To attract new ISV customers to their platforms moving forward, AWS and Google should shift their focus from cutting prices to creating more long-term and fixed infrastructure pricing models, Mahowald said.
"I think they are waiting until they get more ISV customer types on board, but it's kind of a chicken and an egg thing – you're not going to get them until you can guarantee a fixed cost for their infrastructure for a year," Mahowald said. "All IaaS companies need to get their arms around being able to offer those kinds of models."
Google's new Preemtible VMs
In addition to the price cuts, Google introduced Preemtible VMs, a new instance type designed for short-duration batch jobs.
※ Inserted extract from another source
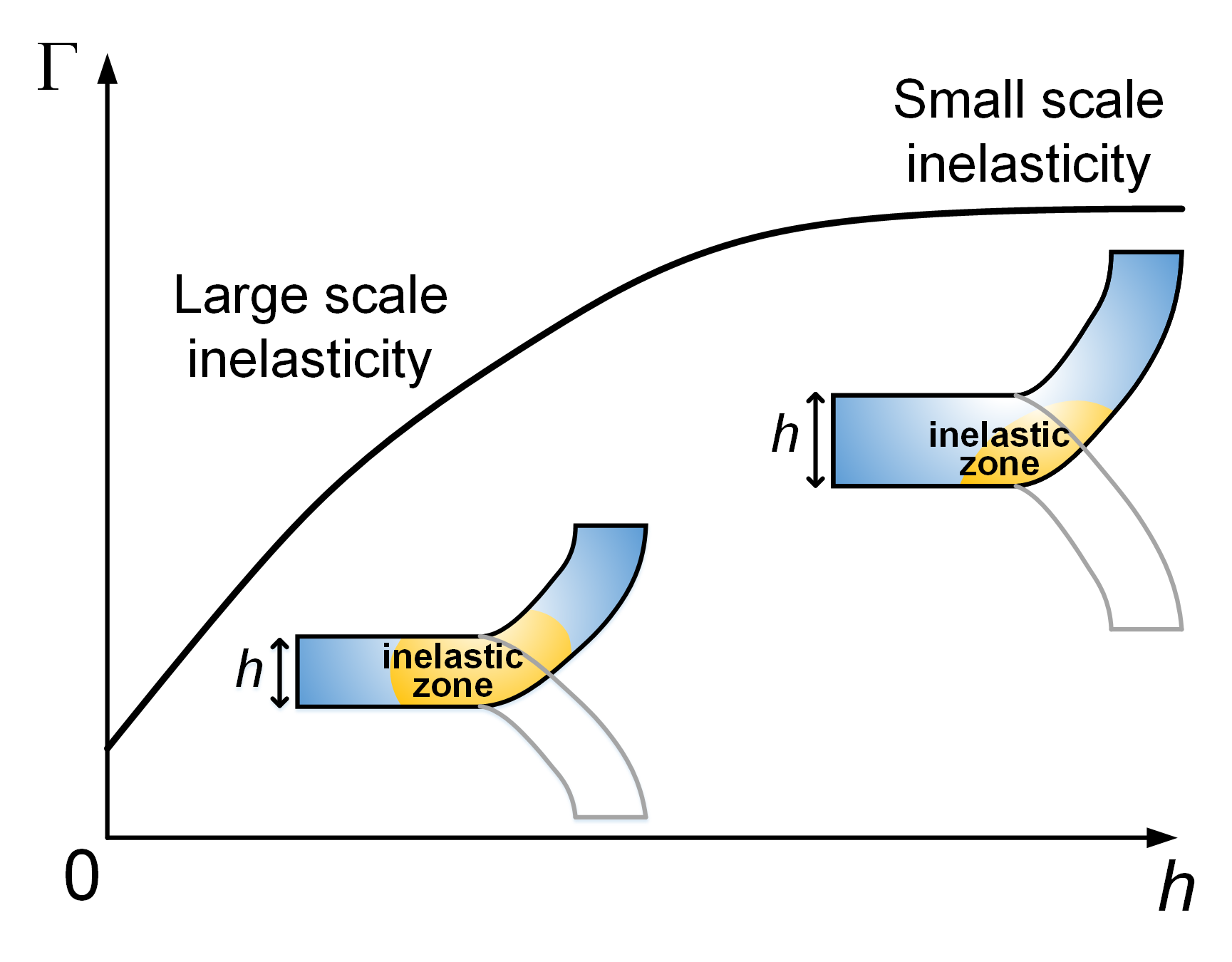 Because the thickness of the sample can be readily adjusted over a large range in peel and tear, peel and tear can be used to probe the scale of inelasticity [11]. The measured toughness is a function of the thickness of the sample (Fig. 5), determined by small-scale or large-scale inelasticity (Fig. 5).

Similar to Amazon EC2 Spot Instances, Preemtible VMs use Google compute resources that would otherwise be idle. And because these VMs are based on spare capacity and are limited to 24-hour runtimes, Google offers them for 70% less than it does a standard VM.
However, because Preemtible VMs "are designed to be interrupted," Google's sustained usage discounts cannot be applied to them, Ward said.
The new Preemtible VMs are designed for tasks that aren't time-sensitive, such as batch processing or rendering. Specific uses include video encoding, visual effects rendering and data analytics, according to Google.
Mark Johnson, CEO and co-founder of Descartes Labs, an image analysis startup based in Los Alamos, New Mexico, said his company uses Google's Preemtible VMs to process and analyze massive amounts of satellite imagery from NASA.
"There is nothing time-critical that we needed, so Preemtible VMs were a great way for us to reduce our costs by well over half," Johnson said. "For a small, seed-funded startup like us, that was really critical."
Johnson described the Preemtible VMs as being "like a contract with Google."
"You say, 'hey, I need this computing. When you have spare cycles, please let me use them.' It's good for batch processing jobs or very, very parallel jobs," he said.
The Preemtible VMs are in beta, with no word yet on general availability. The pricing model follows a fixed, flat rate that users pay by the hour – something Ward said sets Google's Preemtible VMs apart from competitive services that have "deeply variable" pricing models.